The Price of Gas and Hypervisors, Moving in Different Directions
You've heard me pontificate before on what I see as the impending commoditization of hypervisors across all vendors. VMware's first-mover advantage gained them a number of years of hyper-profit before second-movers like Citrix and Microsoft began making their way into the market. The most impending movement about to occur is Microsoft's dropping of Hyper-V into the playing field for the low cost of $28.
(Actually, one could argue that their cost for the hypervisor is effectively "free", since the regular editions of Windows Server 2008 include it. The "w/o Hyper-V" editions are technically priced at around $28 less)
Chris Wolf continues down this line of thinking with an article and accompanying video over at SearchServerVirtualization.com where he develops an even stronger argument. He writes:
In the near term, I expect all vendors, including VMware, to offer free versions of their hypervisors. If you think hell will freeze over before VMware offers a free version of ESX Server, think again. Sure, there isn't a hypervisor today that matches ESX feature for feature, but the alternatives don't have to. In many cases, a hypervisor that is just "good enough" for a particular task and less expensive will win out, especially for less-critical workloads. Whether they want to admit it publicly or not, all hypervisor vendors realize that developing best-in-class management is key to winning the hypervisor war. Indeed, regardless of their unique intrinsic value, hypervisors are becoming commoditized.
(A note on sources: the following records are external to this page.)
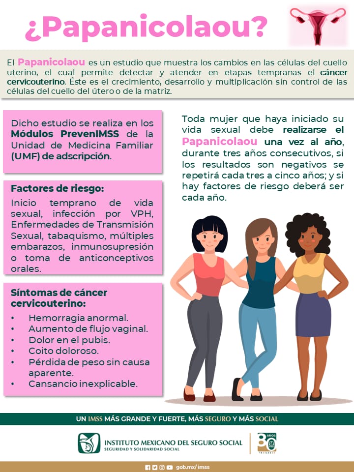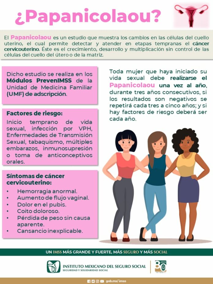 El Instituto Mexicano del Seguro Social (IMSS) en Chihuahua, a través de la Jefatura de Servicios Médicos, exhorta a las derechohabientes a realizarse el estudio del Papanicolaou, que permite detectar y atender en etapas tempranas el cáncer cervicouterino.
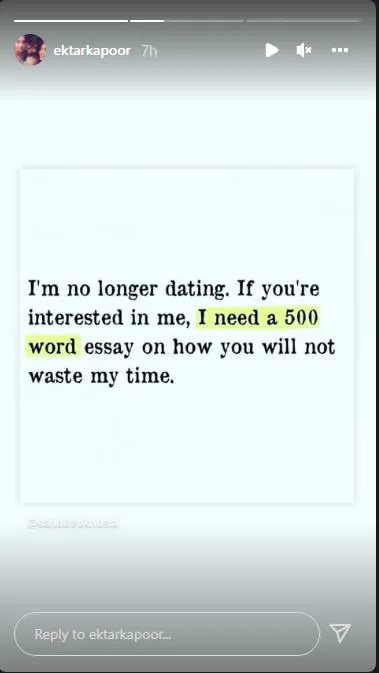 वहीं हाल ही में एकता कपूर ने अपने ब्रैकअप की खबर देते हुए अपने इंस्टाग्राम स्टोरी में पोस्ट कर लिखा- अब मैं डेट नहीं कर रही हूं। अगर आप लोग मुझमें दिलचस्पी रखते हैं, तो मुझे 500 शब्दों का एक निबंध लिखकर दीजिए कि आप कैसे मेरा वक्त बर्बाद नहीं करेंगे।
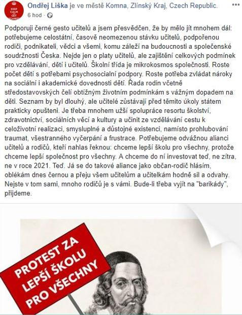 Proč šli včera mnozí učitelé do školy v černém oblečení a někteří i v černých brýlích? Symbolicky vyjádřili smutek ze špatných podmínek pro svou práci i odhodlání se za zlepšení aktivně postavit. "Kolem akce ´Vidíme to černě´ se strhla pěkná mediální mela," napsala na Facebook Petra Mazancová, předsedkyně spolku Učitelská platforma, která protest pod tímto hashtagem iniciovala. "UP kontaktuje enormní množství zástupců médií, chtějí mluvit s učiteli. MÁ TO SMYSL, NÁŠ HLAS MŮŽE BÝT SLYŠET - pojďme se naučit dát o sobě vědět!"
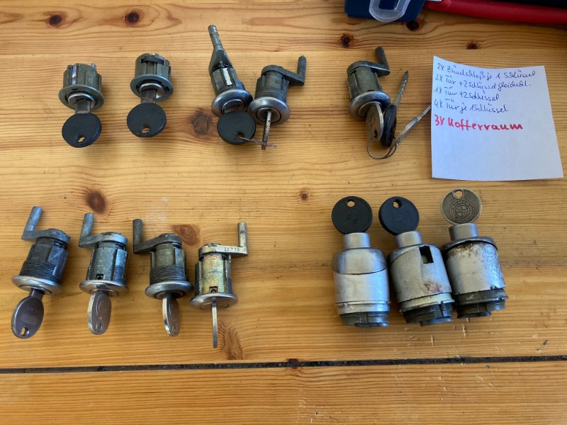 Wer eine Gleichschließung für alle Schlösser, teils mit Handschuhfach und auch mit dem seltenen Tankschloss haben möchte soll sich bitte per Email melden. Ich habe einige Sätze gebaut, in unterschiedlicher Konfiguration von 500 für 4 Schlösser und kurzem Zündschloss bis 1000 Euro für 6 Schlösser und langem Zündschloss.......
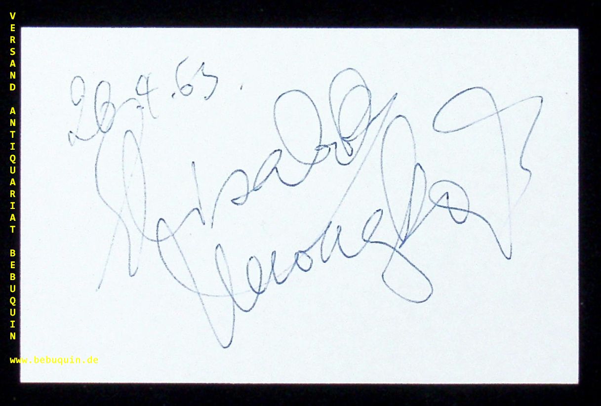 SCHWARZKOPF, Elisabeth (Sopran): eigenhändig signierte und datierte Autogrammkarte. München (Herkulessaal), 26.4.1963. 8 x 12,5 Karteikarte. Rückseite mit X. Dame Olga Maria Elisabeth Frederike Legge-Schwarzkopf (* 9. Dezember 1915 in Jarotschin, Provinz Posen; † 3. August 2006 in Schruns, Österreich) war eine deutsch-britische Opern- und Liedsängerin. Sie galt als eine der führenden Sopranistinnen der zweiten Hälfte des 20. Jahrhunderts, die besonders für ihre Interpretationen von Mozart- und Strauss-Opern bekannt war. Nicht wenige bedeutende Kritiker, Dirigenten und Kollegen hielten und halten Elisabeth Schwarzkopf – neben Maria Callas – sogar für die bedeutendste Vertreterin ihres Fachs im 20. Jahrhundert. (Wikipedia)
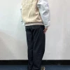 특히 자연스럽게 드롭되는 숄더 라인과 여유 있는 핏이 90년대 바시티룩 특유의 무드를 살려줘
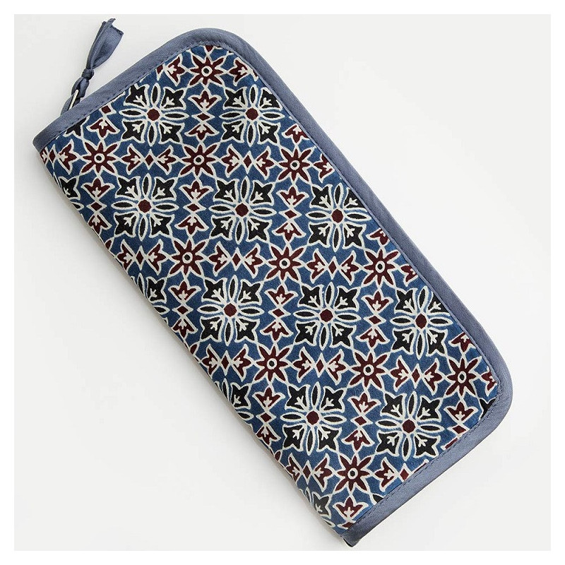 Pouzdro ze saténového modalu je vyrobené s použitím tradiční tkaniny „Ajrak“, historicky významnou technikou tkaní, s blokovým potiskem. Materiály „Ajrak“ jsou známé svým jednoduchým, ale elegantním designem, často odvozeným z přírody.
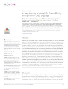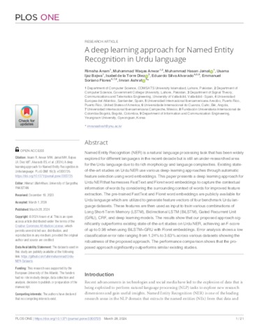 Khan, Hikmat Ullah and Anam, Rimsha and Anwar, Muhammad Waqas and Jamal, Muhammad Hasan and Bajwa, Usama Ijaz and Diez, Isabel de la Torre and Silva Alvarado, Eduardo René and Soriano Flores, Emmanuel and Ashraf, Imran UNSPECIFIED, UNSPECIFIED, UNSPECIFIED, UNSPECIFIED, UNSPECIFIED, UNSPECIFIED, eduardo.silva@funiber.org, emmanuel.soriano@uneatlantico.es, UNSPECIFIED (2024) A deep learning approach for Named Entity Recognition in Urdu language. PLOS ONE, 19 (3). e0300725. ISSN 1932-6203

But there's more to this argument than just seeing into the future. Chris continues his discussion with a very important suggestion to organizations considering a move to virtualization: Prepare financially for the change. If the price of hypervisors is due to decrease, then you and your organization shouldn't consider full cost as an option for software purchase. Chris continues:
With hypervisor prices expected to drop, don't lock your organization into a lengthy licensing deal. What could look like a steal today could easily be viewed as a ripoff in a few months. By 2009 several major vendors will ship enterprise-ready hypervisors; locking yourself into a licensing contract beyond 2009 will likely result in a lost opportunity for significant savings.
Chris suggests that discounts of 20% to 50% on today's hypervisor purchases - especially large purchases with with long-term committments - shouldn't be considered inappropriate. If you're about to lock-in to a virtualization platform in the near term, you don't want to be caught holding the bag with an expensive solution that others paid pennies on the dollar because they waited.
Or, alternatively, consider waiting for Microsoft's solution to arrive in the next few months. Even Microsoft doesn't consider Hyper-V to be the highest-end solution for all workloads. But it does position the product as a lesser-cost solutionf for 2nd and 3rd tier servers with lower expectations of uptime (think WSUS servers, SCCM servers, other infrastructure servers that can afford to go down from time to time).